Anyway, I thought making it a Featured Article would have been slightly to early. There are still some issues to be sorted out first:
- Discussions on whether copyleft should be primarily approached from GNU/FSF/RMS/software/license-by-copyright-law approach(es), or primarily from an umbrella approach about the copyleft principle keep popping up (very interesting discussion!)
- I tried twice to elaborate the example of how Wikipedia tackles the difficult problem of being copyleft for a unique object. Moved the second version (after being removed from the copyleft article) to BDFL, but there also it was removed. This second version of that contribution can now be found here.
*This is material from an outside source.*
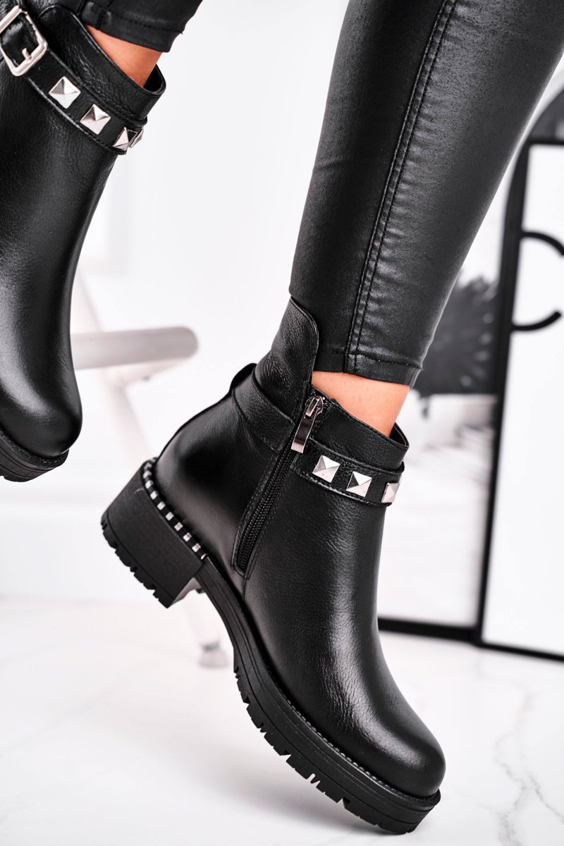 Botki Damskie Skórzane Ocieplane Laura Messi Czarne 2055

Still think this example might clarify the copyleft concept: not having been able to find a clear example not relating to wikipedia, the contribution however remains subject to both "self reference" and "original research" objections.
- ... see above ... e.g. more "source references" might be great!
- The article is still definitely too long (... I guess resulting from too many attempts of people to make their favourite approach crawl up to the first paragraph - see Talk:copyleft).
- The short definition (= first paragraph) is still not completely OK -IMHO-, as it seems to exclude copyleft being implemented outside a "license-by-copyright-law" framework...
- ...
I plan to contribute to such improvements as much as I can, and promise to relist copyleft as FAC, once I feel at ease most of it has been covered appropriately!